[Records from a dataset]
=-=-=-=-=
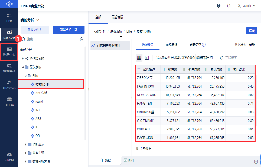 内置公共数据中的「门店销售数据统计」为例,对各大品牌的销售额进行帕累托分析,并得出公司最重要的品牌。
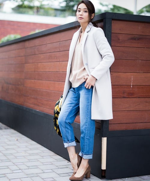 定番色ライトグレーのコートは、合わせやすさ抜群。シャープなファッションが好きなクール派におすすめ。
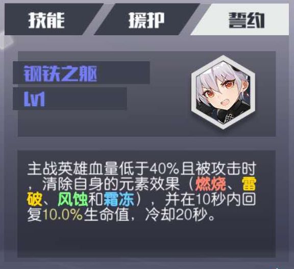 曼施坦因的誓约技能在觉醒之后,主战英雄的血量低于一定百分比时,被攻击会清除自身的元素效果,并在短时间内回复一定生命值,且同时免疫元素效果。
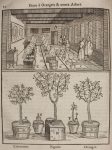 Édition ornée d'une grande vignette de titre et comprenant 78 FIGURES GRAVÉES SUR BOIS LA PLUPART À PLEINE PAGE : 30 PLANS DE PARCS ET DE JARDINS, serres, perspectives, tailles, etc. Déchirure à une planche sans manque. - Bel exemplaire.
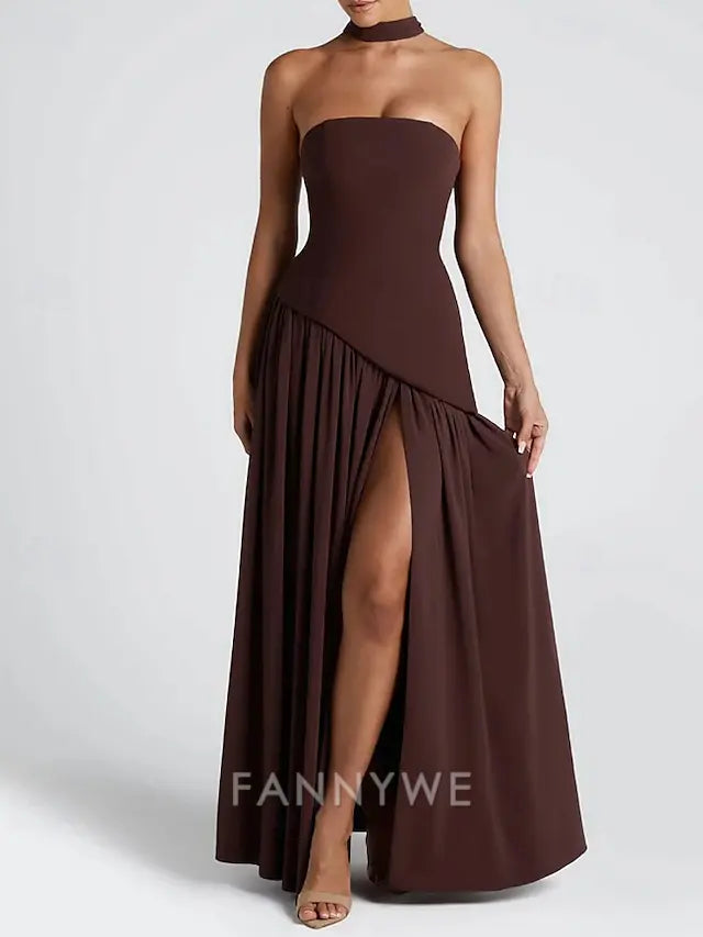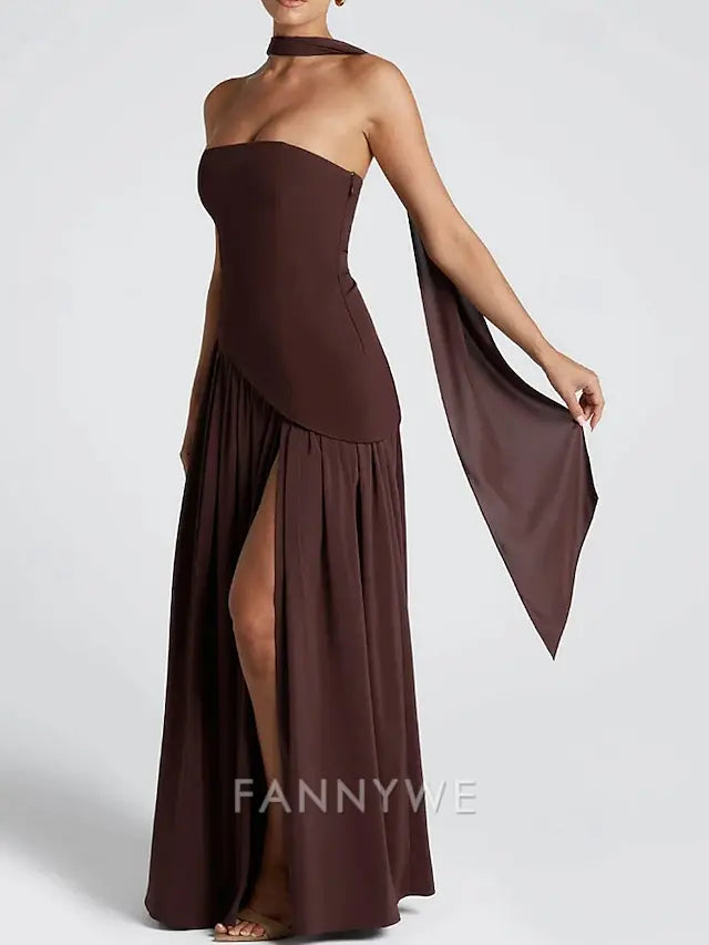 Este vestido es una impactante combinación de diseño moderno y elegancia. El corpiño asimétrico sin tirantes crea una silueta audaz, mientras que la falda fluida con abertura alta añade dramatismo y movimiento. Un fajín drapeado alrededor del cuello aporta un toque extra de sofisticación. Elaborado con atención al contraste y la estructura, equilibra un estilo vanguardista con un encanto atemporal. Perfecto para eventos de lujo o fiestas a la moda, este vestido marca una gran diferencia de estilo, garantizando que destaques con su corte único y sus detalles artísticos.
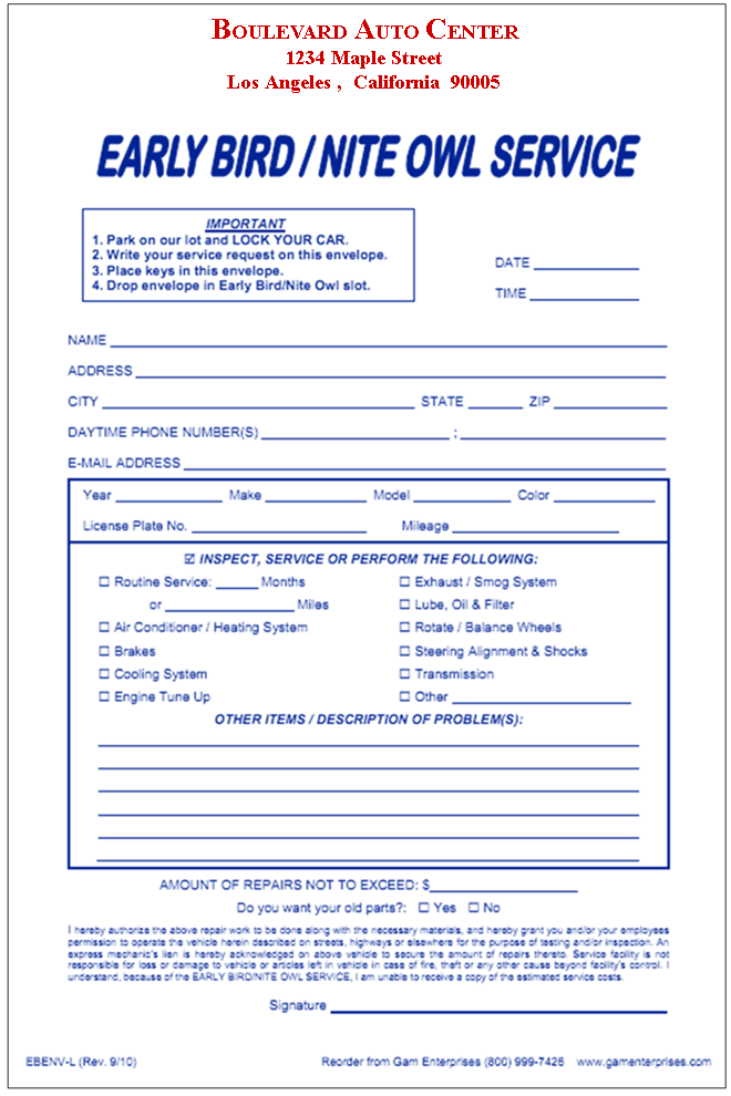 Let your customers drop their car off before you open! They can leave their keys and any messages insecure (6" x 9" catalog) envelopes personalized for your company. 500 per box, 10 box minimum order (5,000). Fits most Early Bird Boxes. Regular Early Bird Envelopes (#10 policy) also available.
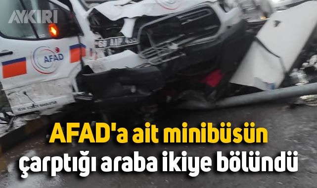 Nevşehir'de AFAD'a ait minibüsün çarptığı araba ikiye bölündü.
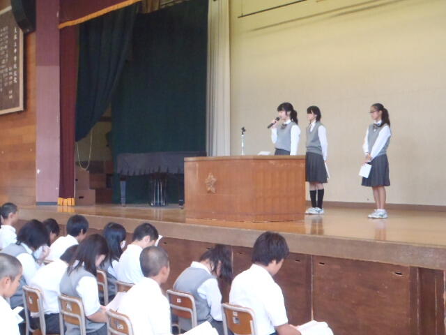 新生徒会役員の皆さんには、次期大坂上中学校のリーダーとして活躍してくれることを期待します。
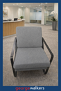 Material and Durability: Grey fabric upholstery with sturdy steel/metal armrests and leg frame,
=-=-=-=-=
No images belong in the copy. Transcribe every record exactly.

> **Solution to this problem**
 内置公共数据中的「门店销售数据统计」为例,对各大品牌的销售额进行帕累托分析,并得出公司最重要的品牌。
 定番色ライトグレーのコートは、合わせやすさ抜群。シャープなファッションが好きなクール派におすすめ。
 曼施坦因的誓约技能在觉醒之后,主战英雄的血量低于一定百分比时,被攻击会清除自身的元素效果,并在短时间内回复一定生命值,且同时免疫元素效果。
 Édition ornée d'une grande vignette de titre et comprenant 78 FIGURES GRAVÉES SUR BOIS LA PLUPART À PLEINE PAGE : 30 PLANS DE PARCS ET DE JARDINS, serres, perspectives, tailles, etc. Déchirure à une planche sans manque. - Bel exemplaire.
 Este vestido es una impactante combinación de diseño moderno y elegancia. El corpiño asimétrico sin tirantes crea una silueta audaz, mientras que la falda fluida con abertura alta añade dramatismo y movimiento. Un fajín drapeado alrededor del cuello aporta un toque extra de sofisticación. Elaborado con atención al contraste y la estructura, equilibra un estilo vanguardista con un encanto atemporal. Perfecto para eventos de lujo o fiestas a la moda, este vestido marca una gran diferencia de estilo, garantizando que destaques con su corte único y sus detalles artísticos.
 Let your customers drop their car off before you open! They can leave their keys and any messages insecure (6" x 9" catalog) envelopes personalized for your company. 500 per box, 10 box minimum order (5,000). Fits most Early Bird Boxes. Regular Early Bird Envelopes (#10 policy) also available.
 Nevşehir'de AFAD'a ait minibüsün çarptığı araba ikiye bölündü.
 新生徒会役員の皆さんには、次期大坂上中学校のリーダーとして活躍してくれることを期待します。
 Material and Durability: Grey fabric upholstery with sturdy steel/metal armrests and leg frame,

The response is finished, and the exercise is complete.